A nuclear pore complex‐associated regulation of SUMOylation in meiosis

The nuclear pore complex (NPC) provides a permeable barrier between the nucleoplasm and cytoplasm. In a subset of NPC constituents that regulate meiosis in the fission yeast Schizosaccharomyces pombe, we found that nucleoporin Nup132 (homolog of human Nup133) deficiency resulted in transient leakage of nuclear proteins during meiosis I, as observed in the nup132 gene‐deleted mutant. The nuclear protein leakage accompanied the liberation of the small ubiquitin‐like modifier (SUMO)‐specific ubiquitin‐like protease 1 (Ulp1) from the NPC. Ulp1 retention at the nuclear pore prevented nuclear protein leakage and restored normal meiosis in a mutant lacking Nup132. Furthermore, using mass spectrometry analysis, we identified DNA topoisomerase 2 (Top2) and RCC1‐related protein (Pim1) as the target proteins for SUMOylation. SUMOylation levels of Top2 and Pim1 were altered in meiotic cells lacking Nup132. HyperSUMOylated Top2 increased the binding affinity at the centromeres of nup132 gene‐deleted meiotic cells. The Top2‐12KR sumoylation mutant was less localized to the centromeric regions.
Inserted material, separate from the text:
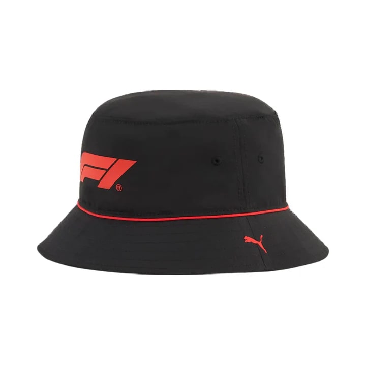 Official F1 logo bucket hat for the Formula One enthusiast. F1 logo and Puma cat with contrast piping detail.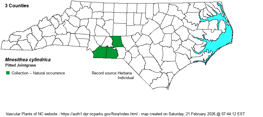 | Mnesithea cylindrica | = | Coelorachis cylindrica | Gleason and Cronquist (1991) | | | Mnesithea cylindrica | = | Coelorachis cylindrica | Flora of North America (1993b, 1997, 2000, 2002a, 2002b, 2003a, 2004b, 2005, 2006a, 2006b, 2006c, 2007a, 2009, 2010) | | | Mnesithea cylindrica | = | Coelorachis cylindrica | Kartesz (1999) | | | Mnesithea cylindrica | = | Coelorachis cylindrica | Wunderlin & Hansen Flora of Florida (3) | | | Mnesithea cylindrica | = | Manisuris cylindrica | Fernald (1950) | | | Mnesithea cylindrica | = | Manisuris cylindrica | Gleason (1952) | | | Mnesithea cylindrica | = | Manisuris cylindrica | Godfrey and Wooten (1979, 1981) | | | Mnesithea cylindrica | = | Manisuris cylindrica | Hitchcock & Chase (Manual of US Grasses) | | | Mnesithea cylindrica | = | Manisuris cylindrica | Radford, Ahles, and Bell (1968) | | | Mnesithea cylindrica | = | Manisuris campestris | Small (1933, 1938) | | | Source: Weakley's Flora |

Our results suggest that SUMOylation of chromatin‐binding proteins is regulated by the NPC‐bound SUMO‐specific protease and is important for the progression of meiosis. An intact NPC tethers the SUMO‐specific protease Ulp1 at the NPC for keeping nuclear SUMOylation homeostasis. The impaired NPCs release Ulp1 to the cytoplasm, resulting in defective meiosis progression through hyperSUMOylation of the nuclear proteins. Forced localization of Ulp1 at the NPC rescues the defective meiosis.